CS@NAU: Senior Capstone Design

Capstone Project Selection Process

Although the growth in our CS program has substantially increased the numbers of seniors (and thus project teams), each year, it is not uncommon for there to be more projects in the pool than there are teams. Our process for selecting projects to do each fall is completely transparent, and is driven primarily by the interests of the students:

  1. CS Capstone coordinator puts out the call for project proposals to our Potential Capstone Sponsor mailing list as the summer begins. Follow-up reminders are sent regularly in the next months.
  2. Potential sponsors with an idea for a project generally start by contacting the Capstone Coordinator informally (email, phone call) to outline the project and get feedback on whether it basically sounds appropriate.
  3. Potential sponsor then writes up the project description (see "How to submit" below for template) and submits the draft.
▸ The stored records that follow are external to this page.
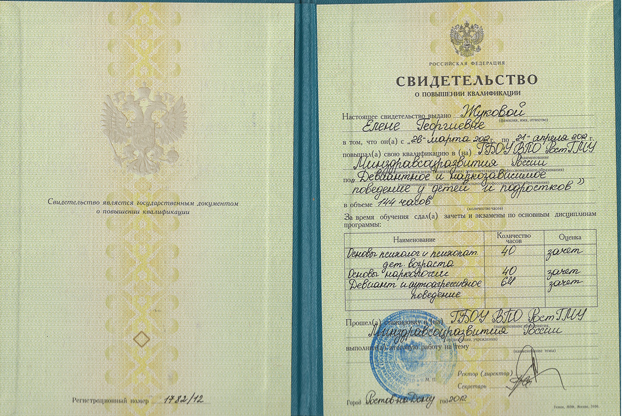 2012г. – ГБОУ ВПО РостГМУ Минздравсоцразвития России, повышении квалификации по программе «Девиантное и наркозависимое поведение у детей и подростков». Свидетельство рег. номер 1782/12 от 21 апреля 2012г.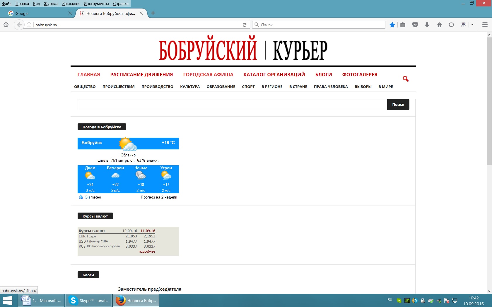 Напярэдадні асноўнага дня выбараў быў заблакаваны сайт «Бобруйский курьер»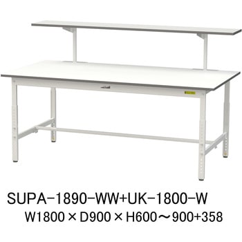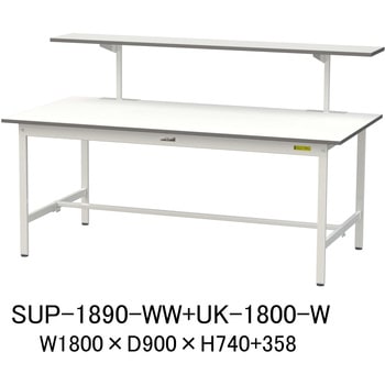 軽量作業台/耐荷重150kg_高さ調整_半面棚付_ワークテーブル150シリーズ_低圧メラミン天板山金工業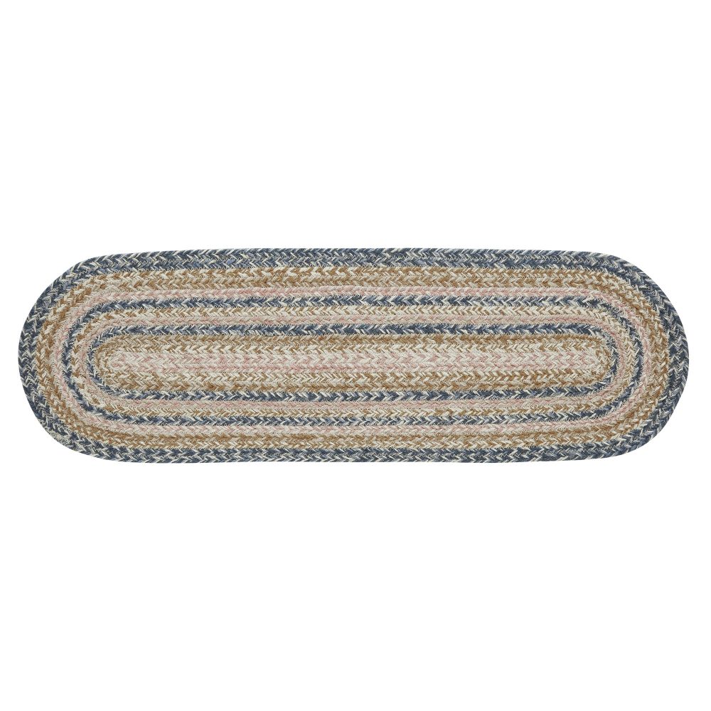 Protect stairways from damage and add style with braided jute in bright, modern tones. The Kaila Jute Stair Tread Oval includes one 8.5x27 inch stair tread back by a latex spray to help prevent slipping. The low-profile jute features an innovating blend of 80 percent Jute and 20 percent cotton and other fibers to help the tread lay flat and resist creasing. This oval-shaped tread features a blend of blue, misty rose and golden tan braids for a cheerful, country boho look. Coordinates with the Kaila Collection by VHC for a complete modern farmhouse set featuring bedding, rugs, kitchen accessories and more.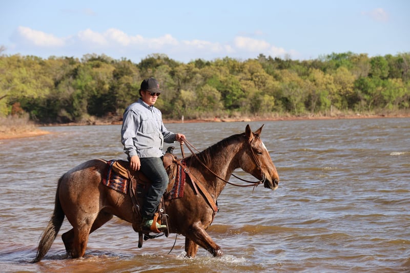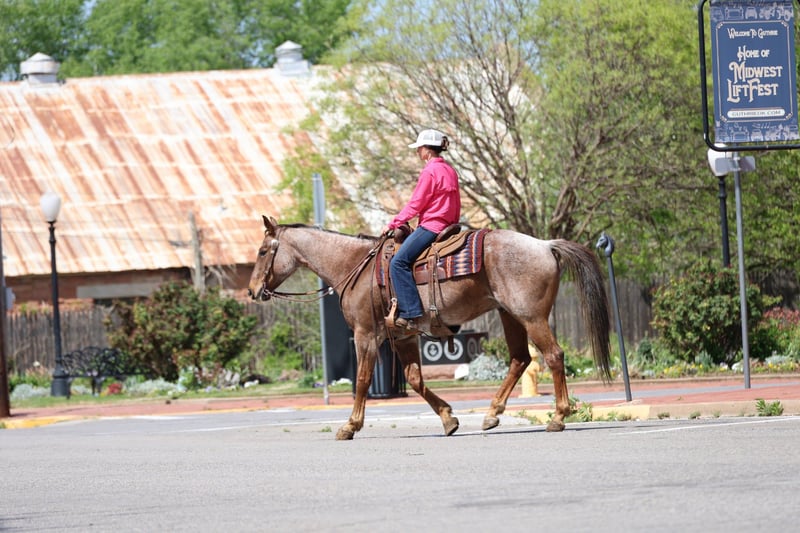 ▪️▫️◾️𝐭𝐡𝐞 𝑴𝒂𝒚 𝐒𝐞𝐥𝐞𝐜𝐭◾️▫️▪️ Happening now thru MONDAY | MAY 4th - Available EXCLUSIVELY on HorseBid's website! For more details and to register visit: www.Horsebid.com CONSIGNOR CONTACT: Isabella Dolago 860-942-0623 LOCATION: Ripley, OK BREED: QH REGISTERED: Yes REGISTERED NAME: KS DANDY DELUXE COLOR: Red roan HEIGHT: 15.1 AGE: 10 GENDER: Gelding Meet Jack the red roan gelding who’s got the looks, shape, ride, and personality to win you over! Jack is a 10 yr old gelding standing at 15.1 hands and weighing 1125lbs! He’s built phenomenally with a thick long neck, clean straight legs, big hip, and gorgeous red roan coat… the cherry on top! You’ll never have to stress about this horse either, he’s a very easy keeper who gets along with any horse and person and will meet you right at the gate! Jack loves his people he’ll be right there waiting for you every morning in the barn! If he was a person he would have the most polite manners! He minds his own business but also wants to be right there with you, he’s a respectful guy! Jack is one you can truly call kid broke!! Anyone in the family can saddle this gelding and lope him right out of his tracks with no worries! He rides around soft and correct, turns around and has a good stop! You can ride him in nearly any bit! He’s broke enough to head, heel, and play day off of! Jack has done it all from doctoring cattle on the wheat pasture, gathering cattle, loading trucks, elk hunting in the mountains, to play days and long days! He’s your right hand man you point where you want to go and no matter what he’ll get you there! He’ll walk through water, logs, ditches, brush, town, anything! He has no spook, buck, or rear. This horse is truly a gentle ranch horse deluxe!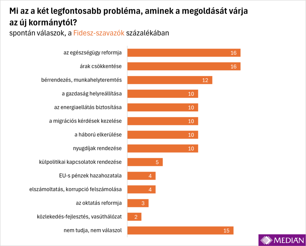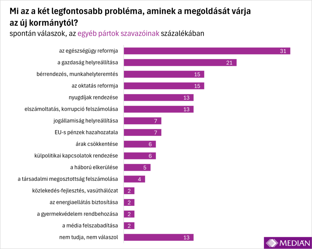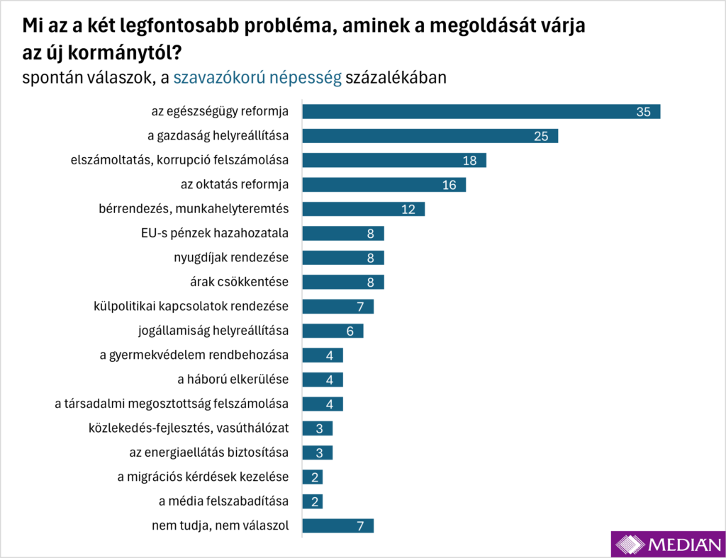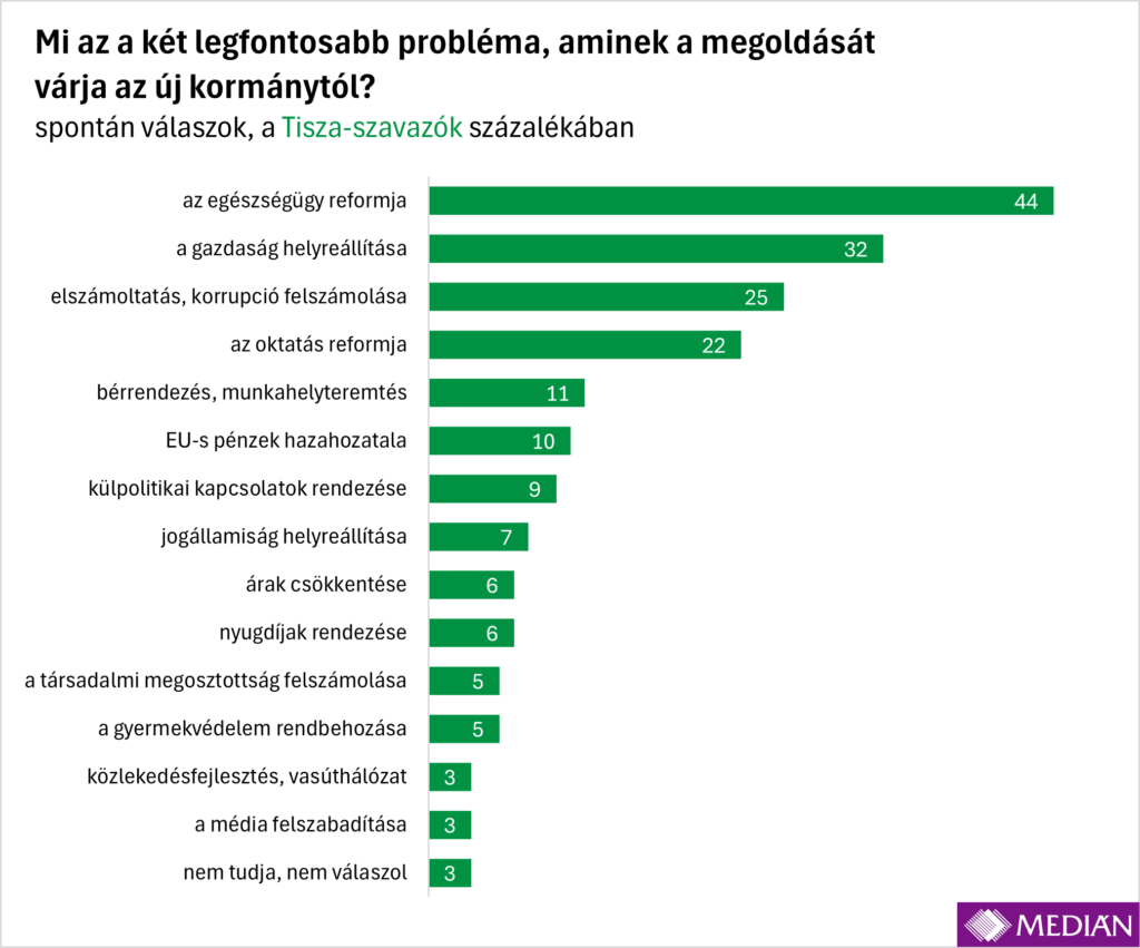 Az egészségügy reformját sorolták a legtöbben a legfontosabb megoldandó két ügy közé (minden harmadik ember említette), ráadásul ebben a kérdésben széleskörű a társadalmi egyetértés: mind a tiszásoknál, mind a fideszeseknél, de a kis pártok támogatói vagy a párt nélküliek körében is az egészségügyi rendszer helyreállítása vezeti a prioritáslistát. A Tisza szavazói különösen nagy arányban tartják ezt a legfontosabb problémának: 44 százalékuk „szavazta be” a top2-be.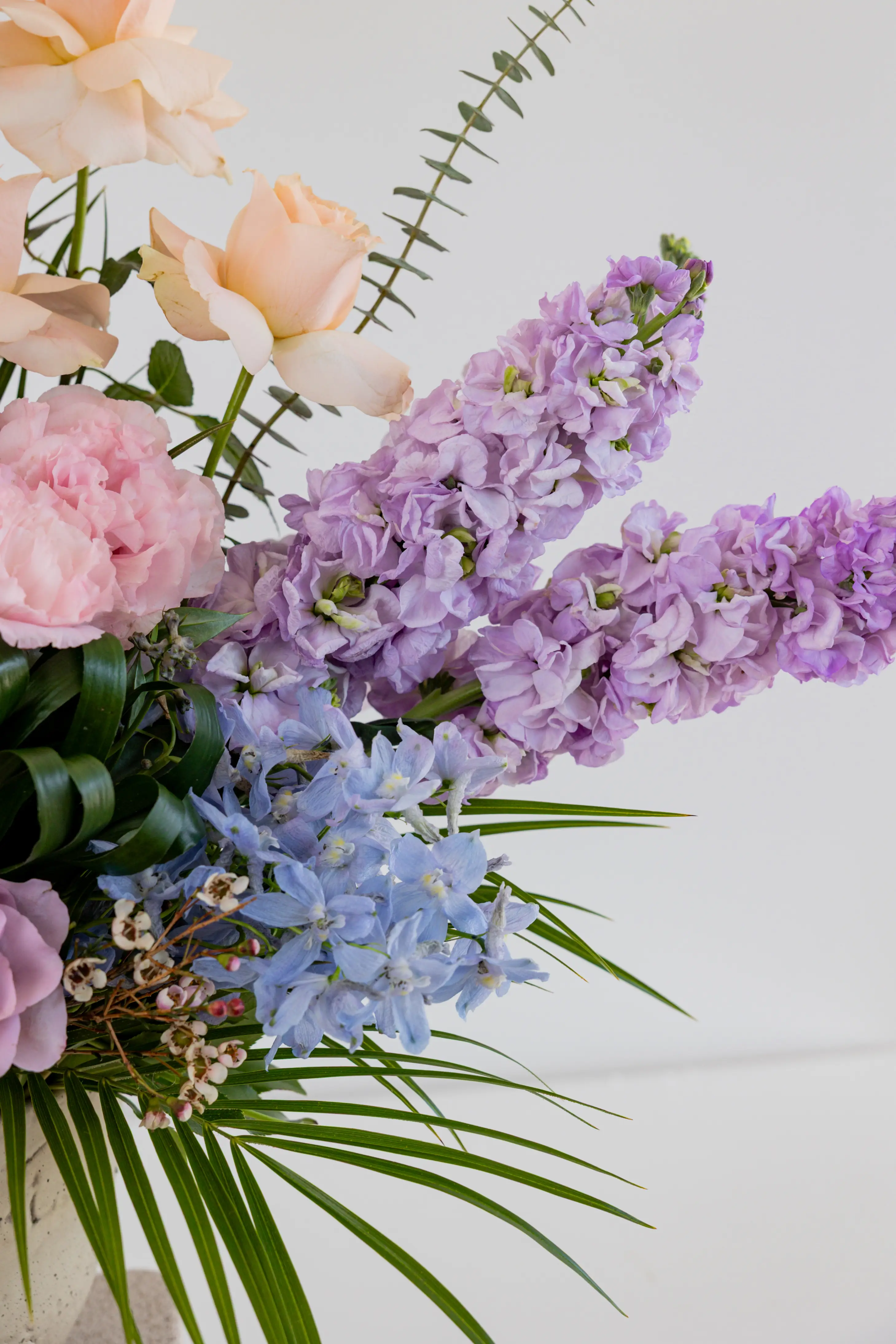 Aranjmanda farklı renklerde şebboy, gül, anastasia ve delfinyum kullanılmıştır. Aranjmanda yeşil yapraklar ve tamamlayıcı çiçek detayları yer almaktadır; mavi, lila, pembe, somon ve yeşil tonlar özenle kombinlenmiştir. Mevsime göre aranjmanda kullanılan çiçek yoğunluğu, detaylar ve alt obje değişiklik gösterebilir.

The Sponsor and the Capstone coordinator frequently go back and forth a bit, refining and scoping the project description to meet both the sponsor's needs for functionality and the faculty's requirements for complexity and challenge.
  4. Once refined, the project descriptions are posted to a web page accessible to students.
  5. Students review the project descriptions and submit their first, second, and third choices of project to faculty in a formal memo.
  6. CS faculty gather as a group to review projects and assign teams. Projects are reviewed primarily based on student preferences, project complexity, skillsets in the student pool; a secondary criterion is faculty interest in mentoring a particular project. Based on this discussion, students are matched to projects, and a CS faculty mentor is assigned to each team.
  7. Project sponsors are notified of project selection outcomes. Successful projects proceed at start immediately with Phase 1. CS faculty mentors coordinate with each other on deliverables, etc., ensuring consistent quality and learning experiences across all projects.

We have found that allowing student interest to drive the selections is the best way to ensure excited and committed project teams and, ultimately, to optimize project outcomes. Some effort invested in the project description itself tends to yield results: project descriptions that portray an exciting project clearly connected to a client's business processes are consistently popular; nothing motivates students more than the thought that real people will solve real problems with their software. Of course, student interests vary somewhat year to year, so often projects that evoked little interest in one year have been super popular when resubmitted the next year.